Orbital Sciences Corporation, a developer and manufacturer of small- and medium-class rockets and space systems for commercial, military and civil government customers, has reportedly
signed a Phase 2 contract with the Defense Advanced Research Projects Agency based in Arlington, Va., to develop the final design for “System F6” - the Future Fast, Flexible, Fractionated, Free-Flying Spacecraft.
The contract is valued at $74.6 million over a one-year period of performance.
“System F6 has the potential to be a game-changing innovation in the way space systems are designed, built and operated in much the same way as the DARPA-developed Internet has changed many aspects of our daily lives,” Gregg Burgess, vice president for national security systems in the company’s advanced programs group at Orbital, said in a statement. “System F6 is not just an incremental improvement in technology, but rather a fundamental transformation of the entire space community.

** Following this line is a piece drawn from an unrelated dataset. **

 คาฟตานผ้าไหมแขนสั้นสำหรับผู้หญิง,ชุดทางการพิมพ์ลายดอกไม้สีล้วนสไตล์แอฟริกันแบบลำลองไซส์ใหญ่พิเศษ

Fractionated and networked architectures could be the answer to recurring problems that debilitate the space sector, including significant cost increases, late deliveries, launch mishaps and on-orbit failures.”

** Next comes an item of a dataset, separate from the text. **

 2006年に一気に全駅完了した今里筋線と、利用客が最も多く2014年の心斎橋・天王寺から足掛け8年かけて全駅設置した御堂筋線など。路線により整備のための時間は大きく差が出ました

This contract is said to have come as a result of a down-select by DARPA from among several companies that participated in the program’s Phase 1 study contracts in 2008 and 2009.
The company also said the objective of the System F6 program is to develop and demonstrate the basic building blocks of a radically new space architecture in which traditional large, multi-functional monolithic spacecraft are replaced by clusters of wirelessly interconnected spacecraft modules. Each of these modules are said to perform a subset of the tasks performed by a large classical spacecraft and works together in a cluster to provide the same overall effective mission capability.

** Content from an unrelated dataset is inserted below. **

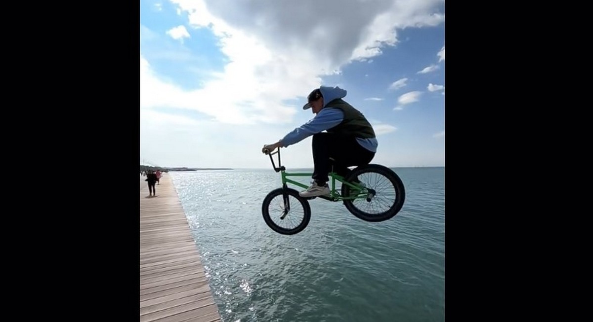 Το συγκεκριμένο βίντεο, δείχνει τον ποδηλάτη να παίρνει φόρα από την εξέδρα, στο πλακόστρωτο της Νέας Παραλίας και να κάνει το εντυπωσιακό άλμα, «πηδώντας» πάνω από τον Θερμαΐκό για να προσγειωθεί στο έδαφος από την… άλλη πλευρά. Το εν λόγω βίντεο ήδη έχει κάνει «θραύση», μετρώντας πολλά likes αλλά και views.

Key benefits of such a system include; reduced overall risk, budgetary and planning flexibility, faster initial deployment, and ultimately greater survivability, including selective replacement of damaged or obsolete elements of a complex spacecraft.
Under the second phase contract of the System F6 program, Orbital will be responsible for the detailed design and ground testing of the new technologies, architectures and programmatic concepts required to successfully fractionate a space system. These include wireless data communications, cluster flight operations, distributed spacecraft computing systems, rapidly re-locatable ground systems, and value-centric design methodologies.
DARPA is said to have selected Orbital out of four Phase 1 contractors to continue work on Phase 2 of the program, leading to a planned flight demonstration in 2013.